Anderson Arena has been a safe haven for the Bowling Green basketball team in recent years. No matter what trials they face on the road, at home a seismic student section could propel the Falcons over most anybody. BG was 364 days removed from their last loss at Anderson heading into Saturday’s game against Northern Illinois.
Saturday, however, the law of averages caught up with the Falcons and shook them. The home winning streak failed to reach a full year as BG fell 63-46.
It was the kind of game that ends a winning streak, an all-out flogging by a red-hot team.
Northern Illinois increased their winning streak to five games. They haven’t lost since a 64-63 home defeat to BG at the start of the month.
“I thought that Northern Illinois is really doing a good job,” BG coach Dan Dakich said. “When we played them a couple of weeks ago, they had lost by 30 at home, they had lost bad to Marshall, and we beat them on a buzzer-beater. But they have found a way to win.”
The Huskies capitalized on a sluggish Falcon team still overcoming possible shellshock from a 22-point loss at Western Michigan during the week. The Northern Illinois defense focused on hounding Kevin Netter and John Reimold, BG’s top two offensive players this year. The swarming zone defense forced turnovers, and a slow BG transition game allowed the Huskies some relatively uncontested lanes to the basket, plus second-shot opportunities.
“Today we tried to make a concerted effort to challenge every shot,” Northern Illinois coach Rob Judson said. “Our players had a very good focus on that.”
The Falcons weren’t any more vigilant getting back to the offensive end. Of their 10 rebounds in the first half, none were offensive.
BG’s ball handlers looked, on some occasions, downright groggy. Players were unable to cleanly corral passes and, on one occasion, a pass intended to find a cutting Reimold under the basket sailed behind him and out of bounds.
What hurt BG the most, however, was a stone-cold shooting game. Besides Netter and Reimold, no BG player converted more than one field goal in the game.
“Shots didn’t go in, and sometimes that just tightens you up,” Dakich said. “That’s what it seemed like it did to us. We missed some shots in the worst way, in and out.”
P.J. Smith and Marcus Smallwood led the offense for Northern Illinois with 20 and 11 points, respectively.

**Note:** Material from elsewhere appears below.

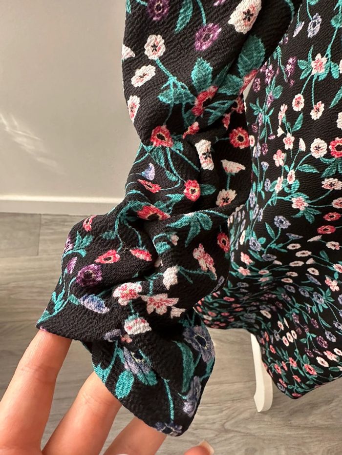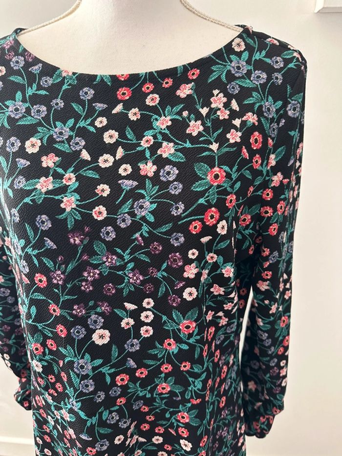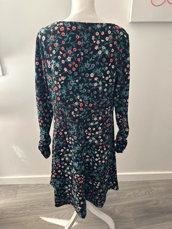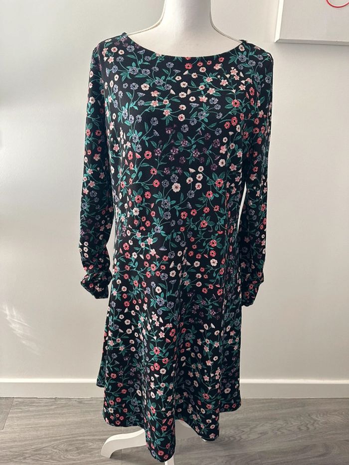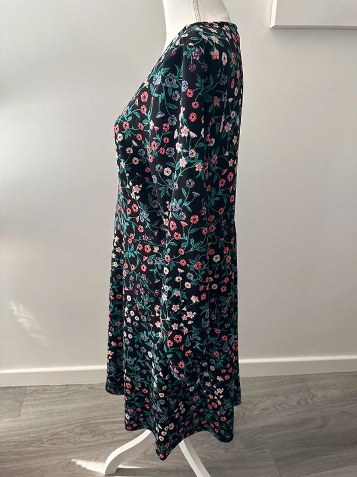 Robe à fleurs - Excellent état - Noire et multicolore - Fit & Flare - Marque Yessica - Manches longues - Taille 40 équivalent L - Imprimés fleurs - Plus d’étiquette de taille et de matière

The Huskies’ shooting percentage for the game wasn’t glowing at 42.9 percent, but they did exploit a step-slow BG team to the fullest, taking 26 foul shots, converting 22. Smith, Smallwood, Jamel Staten and Mike Morrison were all perfect from the line, a combined 17-for-17.
The Falcons were hit hard by foul trouble. Cory Eyink fouled out with less than three minutes to play, and Netter, Ryan and Jabari Mattox all had four fouls.
Despite the defensive pressure, Reimold wriggled free long enough to stroke five three-pointers. His 18 points were one of the few things that kept the game from getting totally away from BG. Netter fought through the clogged paint for 11 points. His first two field goals of the game were dunks, meaning that combined with last week’s game against Akron, five straight home field goals for Netter were of the slam variety.
The Falcons did have a brief infusion of life midway through the second half. A Mattox lay-up sparked an 11-0 run that cut an 18-point deficit to seven at 42-35. Then the Huskies scored the next five points and put the game out of question.